2. The multi-channel ice box for continuous low-temperature experiments according to claim 1, characterized in that: The top center of the low-temperature cooling chamber (2) is connected to the bottom of the main switching mechanism, and the main switching mechanism includes a first one-way valve plate (16). The first one-way valve plates (16) are evenly distributed on the inner top surface of the main switching mechanism, and the evenly distributed first one-way valve plates (16) are flipped open by the contact of the elastic telescopic rod (9).

3. The multi-channel ice box for continuous low-temperature experiments according to claim 2, characterized in that: The main housing mechanism inside the ice box body (1) includes a lifting plate (6), and the bottom surface of the lifting plate (6) is provided with a guide shaft (7) through a torsion spring. The left end of the guide shaft (7) is fixedly provided with an abutting flip rod (8), and the outer end of the abutting flip rod (8) abuts between the lifting plate (6) and the ice box body (1).

4. A multi-channel ice box for continuous low-temperature experiments according to claim 3, characterized in that: Elastic telescopic rods (9) are fixed at equal distances on the front and rear outer walls of the guide shaft (7) below the lifting plate (6), and a water removal wiping plate (10) is rotatably installed inside the top surface of the lifting plate (6) through a torsion spring. The bottom end of the water removal wiping plate (10) is connected to the left end of the guide shaft (7) through a traction cable (11).

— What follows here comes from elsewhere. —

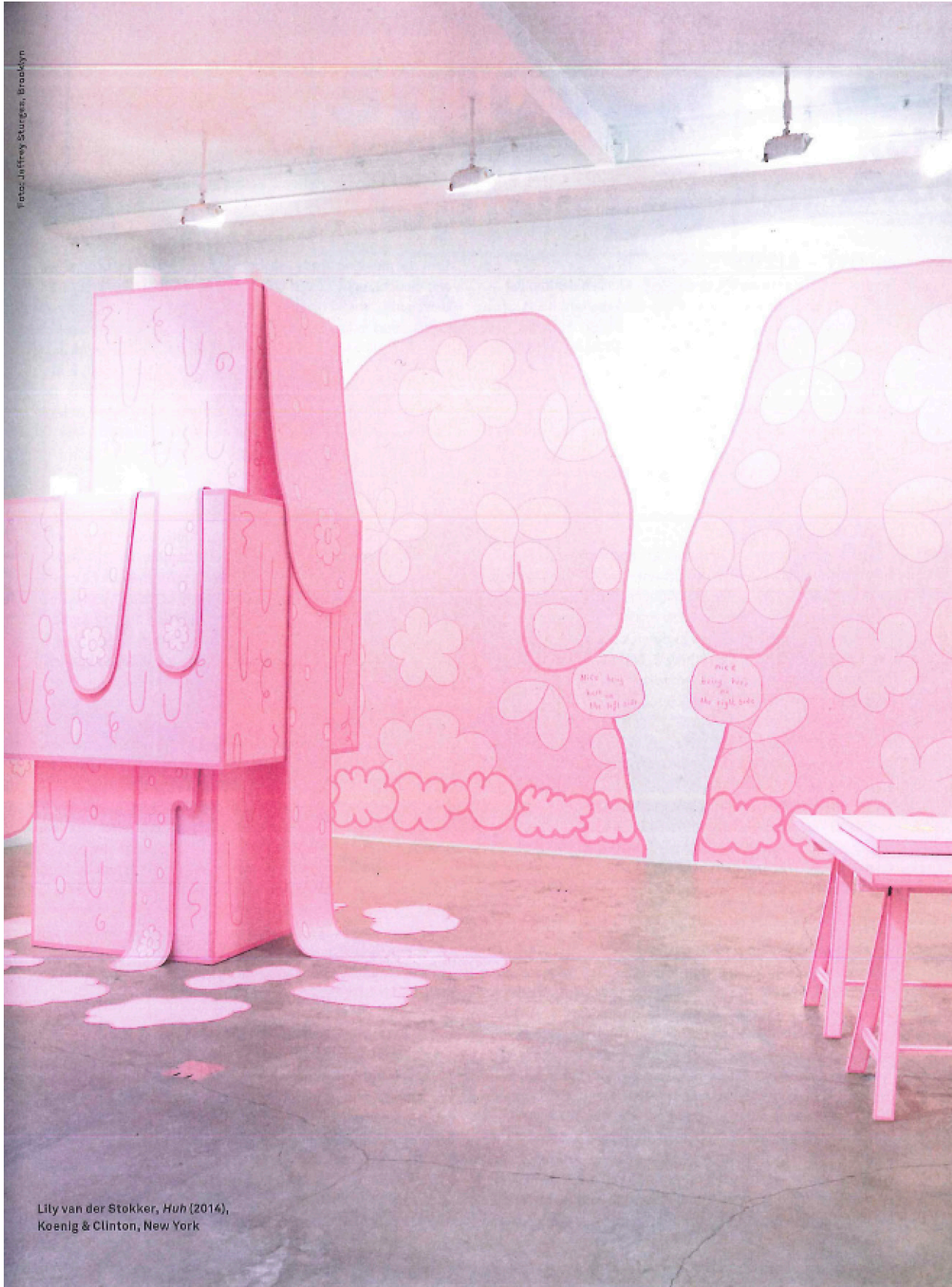
Lily van der Stokker, Huh (2014), Koenig & Clinton, New York

5. A multi-channel ice box for continuous low-temperature experiments according to claim 1, characterized in that: The main receiving mechanism includes a main low-temperature connecting column (12), and the main low-temperature connecting column (12) is slidably disposed at the center of the ice box body (1) at equal angles. The main low-temperature connecting columns (12) distributed at equal angles are connected to the inner wall of the ice box body (1) by guide springs (13), and the bottom end of the main low-temperature connecting column (12) distributed at equal angles slides inside the main on / off mechanism.

6. A multi-channel ice box for continuous low-temperature experiments according to claim 5, characterized in that: The bottom end of the main low-temperature connecting column (12) inside the main receiving mechanism is connected to the inside of the main switching mechanism. The main switching mechanism also includes a second one-way valve plate (17). The second one-way valve plate (17) is rotatably disposed inside the top surface of the main switching mechanism at equal angles. The second one-way valve plates (17) distributed at equal angles are flipped open by the contact of the main low-temperature connecting column (12).

7. A multi-channel ice box for continuous low-temperature experiments according to claim 1, characterized in that: The ice box body (1) has secondary low-temperature connecting columns (18) evenly distributed inside, and the bottom ends of the secondary low-temperature connecting columns (18) are all slidably disposed inside the main switching mechanism. The main switching mechanism also contains a third one-way valve plate (19) evenly distributed inside, and the third one-way valve plate (19) is flipped open by the contact of the secondary low-temperature connecting columns (18).